③ Article 36(2) of the Verification Directive provides that “Where the degree of violation is insignificant or there is any other special reason, the disposition may be mitigated.” However, even if the Plaintiff discovered any error in the existing specification and reported it to the Defendant in the process of verifying the monitoring plan around December 2018, the Plaintiff, even though the Plaintiff had the opportunity to rectify the error in the course of performing the duty of verifying the specifications prepared by the business entity eligible for allocation, found the error later and delayed. In light of such circumstances, it is difficult to deem that the Defendant ought to recognize the grounds for mitigation of the disposition of this case solely on the ground that the Plaintiff voluntarily reported the error.

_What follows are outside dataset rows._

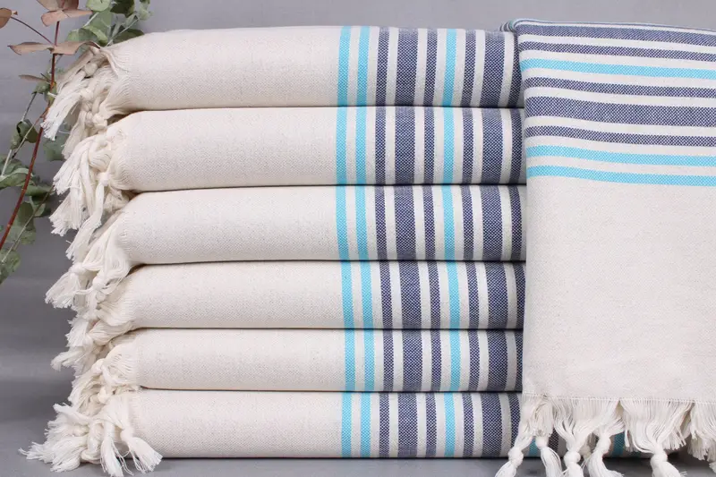Organic Turkish cotton, characterized by its softness and durability, is utilized in these towels, ensuring high absorbency and comfort. Dimensions are 38x71 inches or 95x180 centimeters, with a tolerance of ±2 inches or 5 centimeters due to hand weaving, and a weight of 410 grams. Each product includes customization options with embroidery, offering personalization via letters, names, or logos in specified fonts and colors.
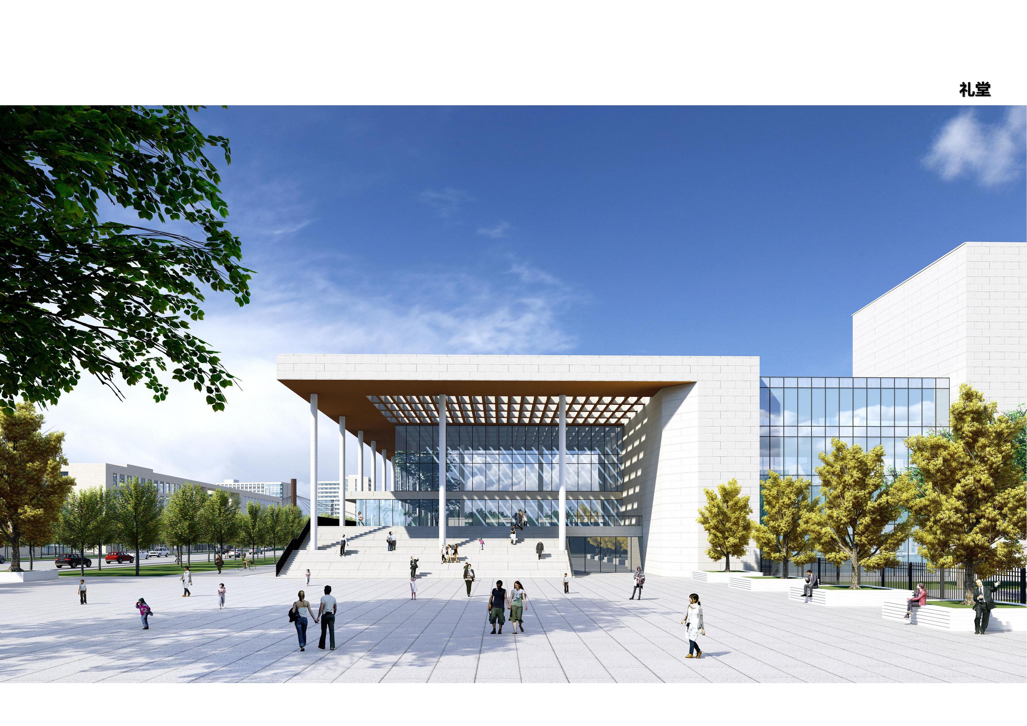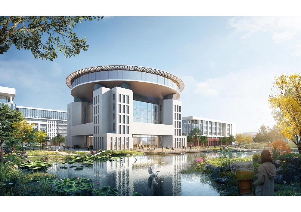項目核心文化建筑:圖書館與圖書綜合樓,采用左右對仗形式設置于東西校區中心位置。圖書綜合樓以“圓”為頂;圖書館以“方”為體,體現“天圓地方” 的中國傳統宇宙觀 。
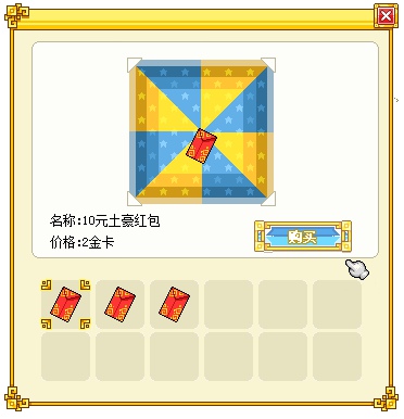 10元红包购买需要:2金卡。
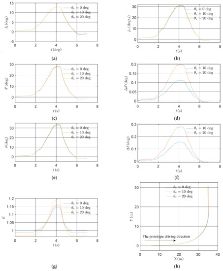 Taking the prototype steering left as an example, the prototype drives on the road with the same δt and v, but different θv, where the speed is v = 25 km/h. The results of the experiment are shown in Figure 10.
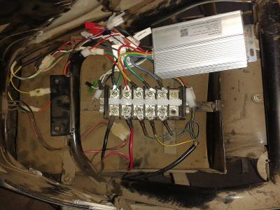 Если мопед "сломался" сам, то проблема скорее всего в контроллере и/или проводах (при повреждениях изоляции на кочках может замыкать фазы между собой или на корпус, в результате жжёт транзисторы). Обычно контроллеры сами без причины не дохнут, но глядя на качество монтажа я допускаю мысль, что этот мог сдохнуть сам.
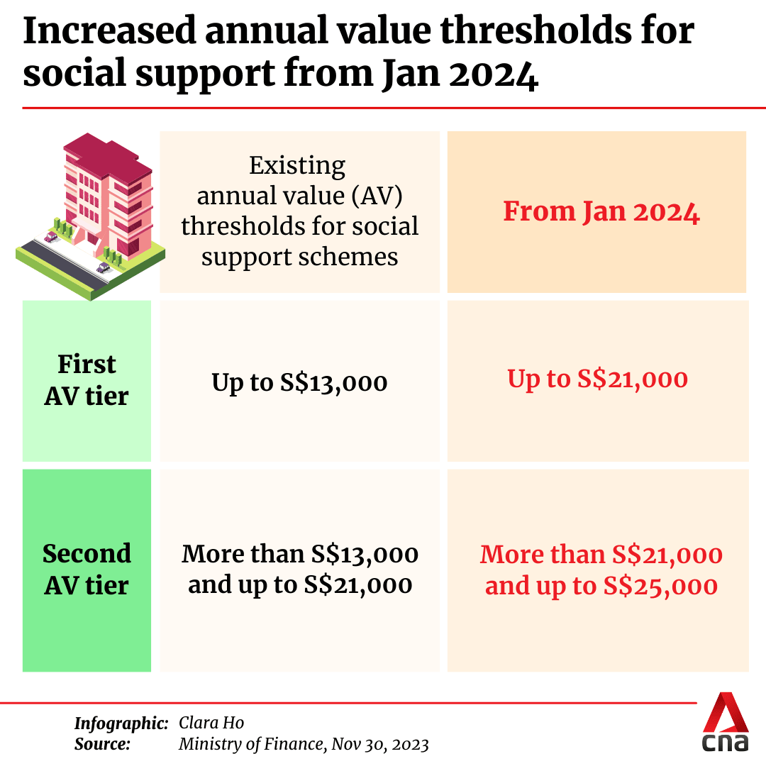 SINGAPORE: The annual value (AV) threshold, one of several eligibility criteria for social support schemes, will be raised in 2024, allowing those in need to continue receiving support.
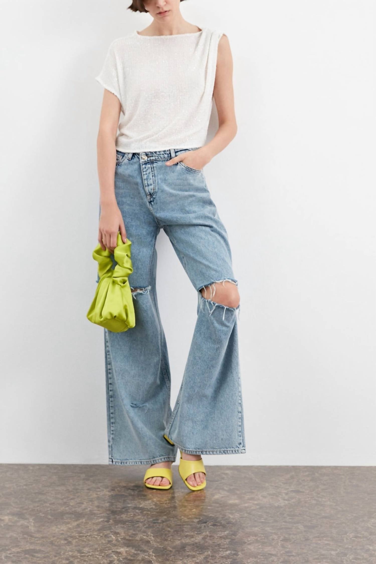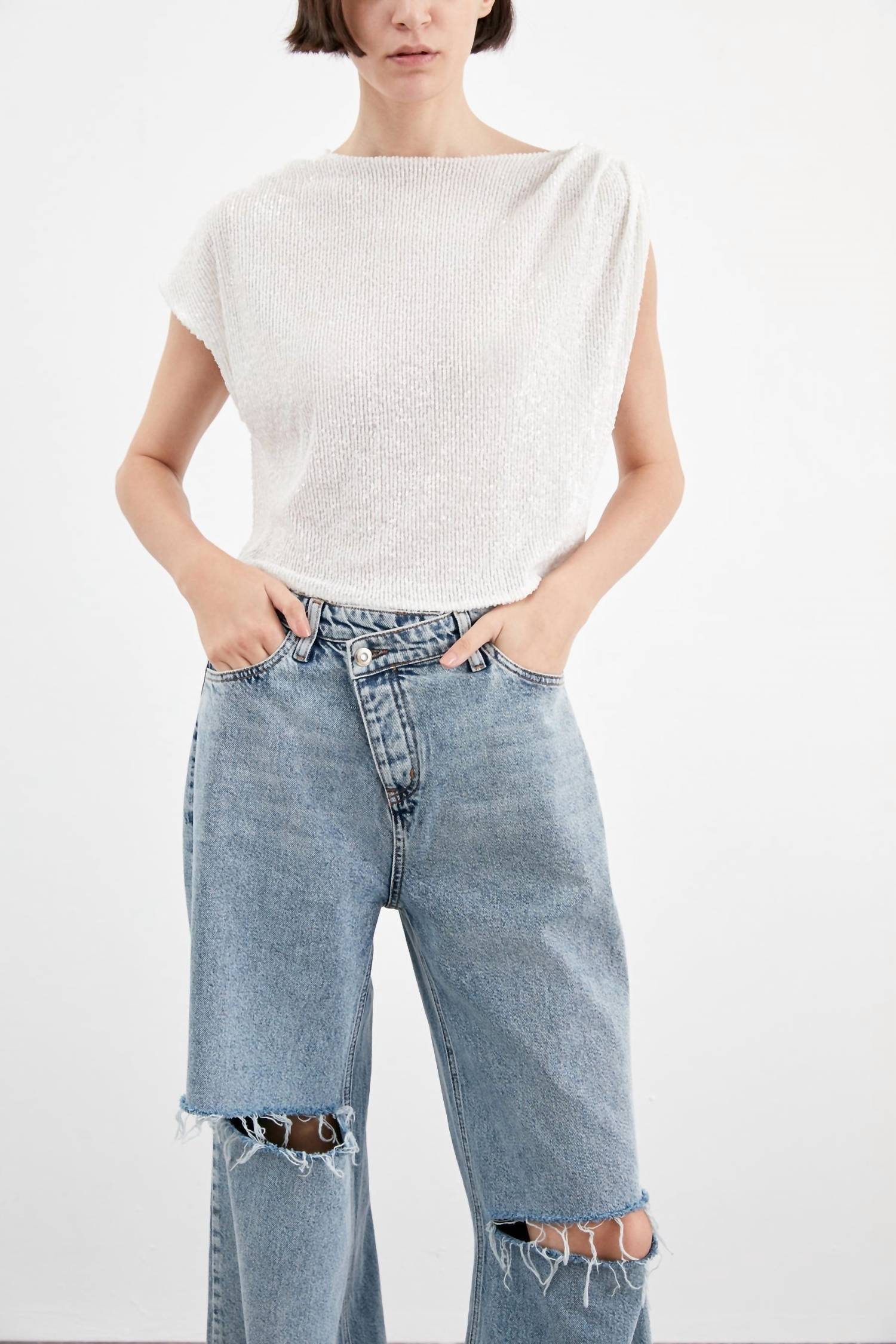 Minimalist spring essential with cap sleeves and a textured pattern. Crafted from soft sequins in a striking vanilla shade. Features an elegant boatneck and shoulder draping detail. With a pull-on closure, offers a true-to-size fit, perfect for vacation occasions. Care instructions recommend hand washing to maintain its pristine allure.
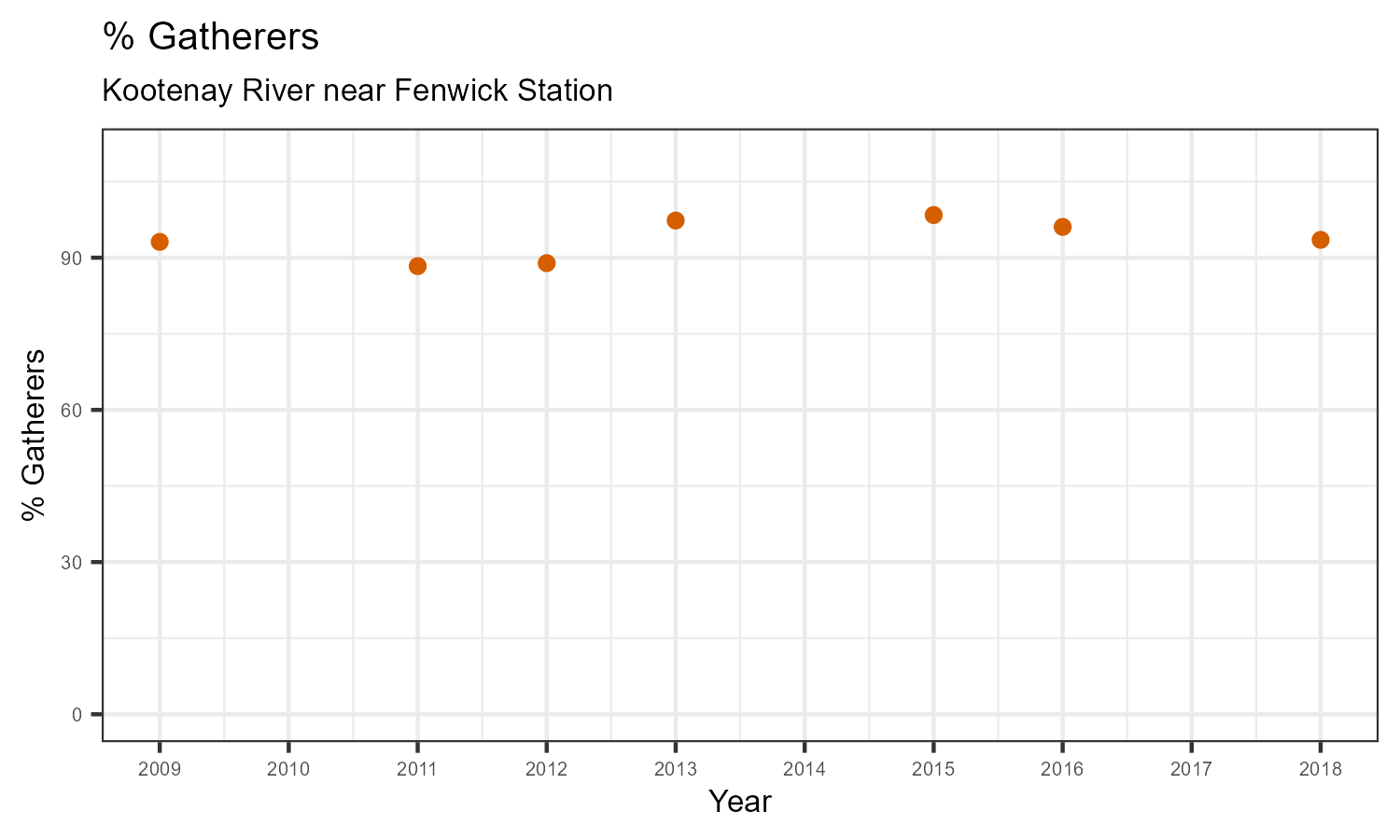 % Gatherers is the proportion of taxonomic familes present that feed primarily on fine organic matter in the water. The proportion of gatherers is expected to increase at a site in response to disturbance.
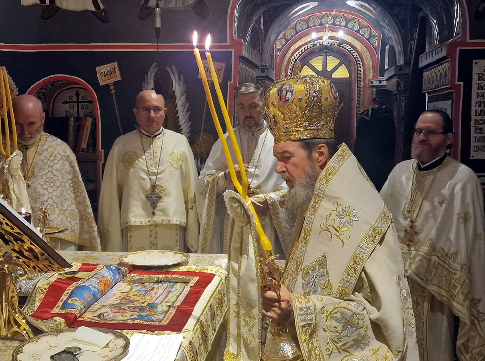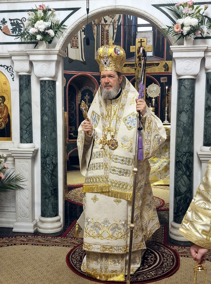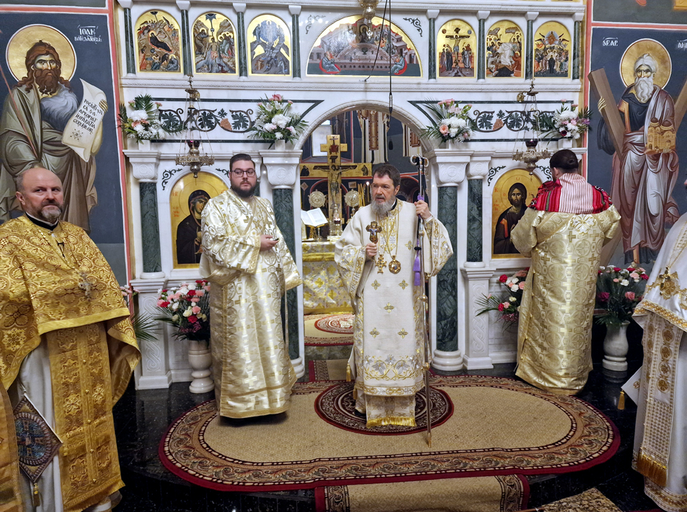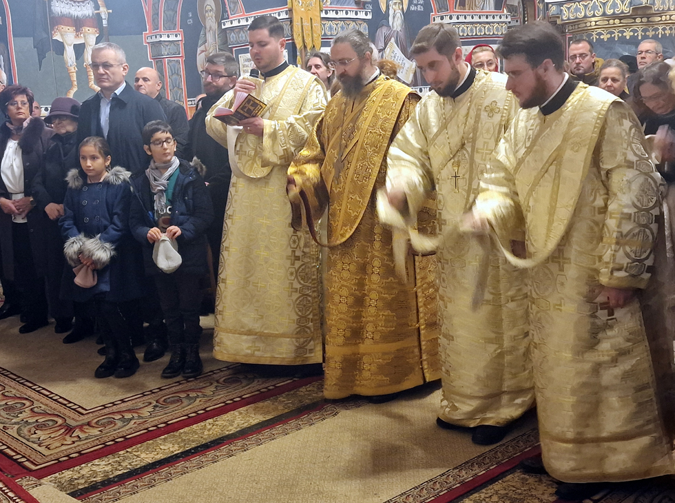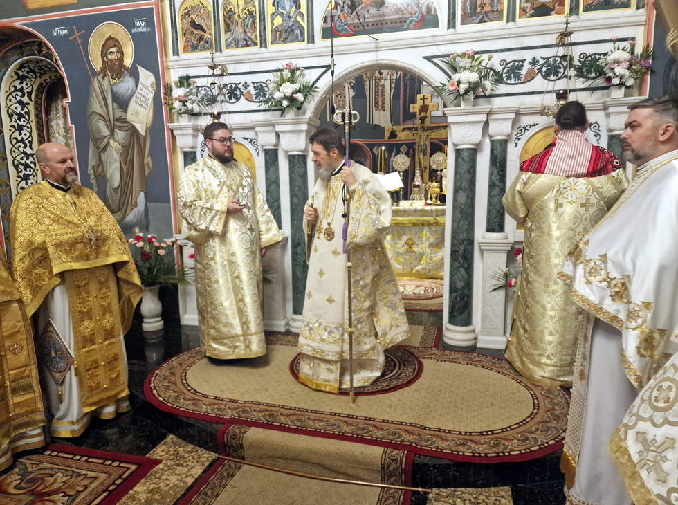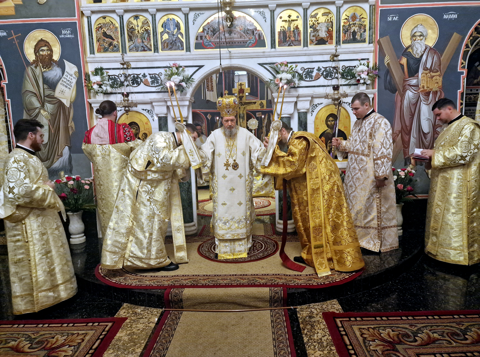 Slujbă arhierească săvârșită de Preasfințitul Părinte Episcop Sofronie, dimpreună cu un sobor numeros de preoți și diaconi

④ Business disadvantages to be borne by the Plaintiff due to the instant disposition are calculated appropriately as greenhouse gas emissions, and it cannot be deemed that such disadvantages exceed the public interest that the State intends to reduce greenhouse gas emissions through the effective enforcement and settlement of the greenhouse gas emissions trading system.

3. Conclusion

The plaintiff's claim is dismissed as it is without merit. It is so decided as per Disposition.

Judges

The presiding judge shall make a private exchange

Judges Park Nam-jin

Judges Lee Gyeong-soo

Note tin

1) The term “gas (by-products) generated from raw materials or by-products thereof, which are required in the product production process.

2) The year designated as a new business entity eligible for allocation under Article 10 of the Emission Trading Act and Article 8(2) of the Enforcement Decree of the Emission Trading Act shall be the year 2017.

The application of the "Gas and Energy Target Management System" under the Color Growth Act is excluded, and B is a business entity eligible for allocation in the year of 2017, which is the first designated year.

The statements presented shall be submitted to the Minister of Trade, Industry and Energy by March 31, 2018, which is the agency responsible for each sector, pursuant to the Green Growth Act and subordinate statutes. B,

the Plaintiff’s duty to prepare a specification and verify it in 2017 is conducted in accordance with both emission trading statutes and Acts and subordinate statutes on green growth.

As such, the Defendant cannot be deemed to have any error in deeming the Enforcement Decree of the Emission Trading Act to be the basis provision for the instant disposition.

3) The term “governmental consultative body on climate change” means the group of Governments on duty.

(iv) means by-product gas;

5) The term “national greenhouse gas management system” means a comprehensive greenhouse gas management system.

6) controlled entities that have to calculate their emissions, etc. under Section 2 (Tier 2) of the calculated class under Article 98 (Special Cases concerning Application of Discharge Coefficients) (Special Cases)

Only if the emission coefficient is not publicly notified in this Guidelines, the emission coefficient corresponding to 1 (Tier 1) may be applied.

7) According to the verification guidelines [Attachment 3] 5.c. 1 and 2, the quantitative criteria for the importance of the instant business entity eligible for allocation of which total emission volume is less than 500,000 CO2eq

The total volume of discharge is 5.0%, due to the application of erroneous emission coefficient in the statement of discharge from 2014 to 2017.

Since the omitted volume falls from 15.11% to 20.97% of the total volume discharged, it is recognized that there was a serious error.